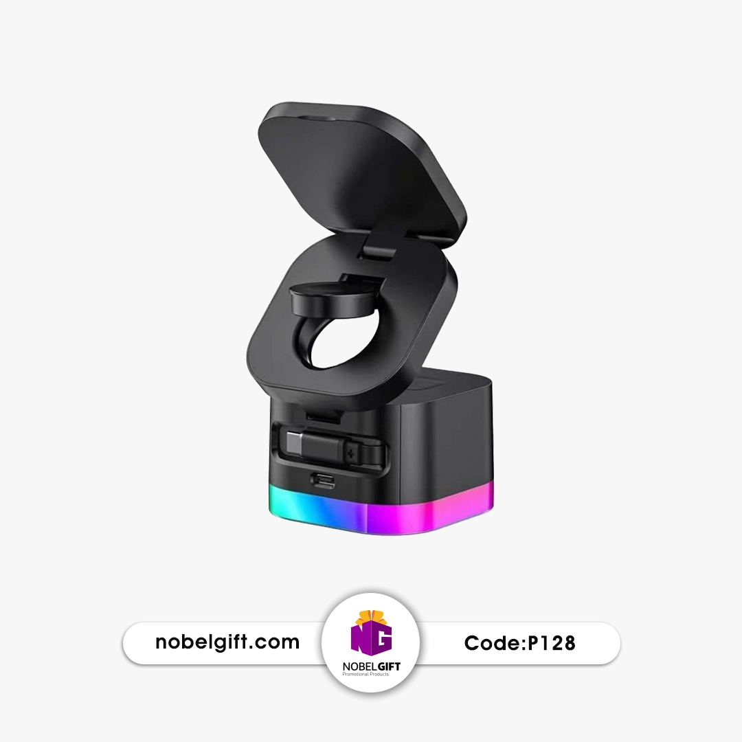 - این محصول با کد P128 ، یک شارژر وایرلس ایستاده/رومیزی با نور RGB (RGB Wireless Charging Stand / Dock) است.
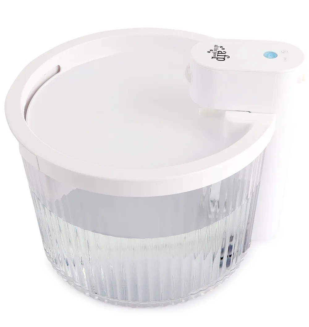 - Kassi purskkaev töötab ilma juhtmeta pumbaga. Kuna seadmel puudub elektrijuhe, saab purskkaevu paigutada mugavalt sobivasse kohta, ilma et peaks arvestama elektrikontakti asukohaga.
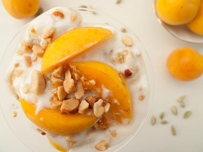 - מפזרים את יתרת המשמשים מעל היוגורט.
--*--
WORK TO BE COMPLETED:
Output all the data, exactly, without images.

WRITTEN ANSWER:
 - این محصول با کد P128 ، یک شارژر وایرلس ایستاده/رومیزی با نور RGB (RGB Wireless Charging Stand / Dock) است.
 - Kassi purskkaev töötab ilma juhtmeta pumbaga. Kuna seadmel puudub elektrijuhe, saab purskkaevu paigutada mugavalt sobivasse kohta, ilma et peaks arvestama elektrikontakti asukohaga.
 - מפזרים את יתרת המשמשים מעל היוגורט.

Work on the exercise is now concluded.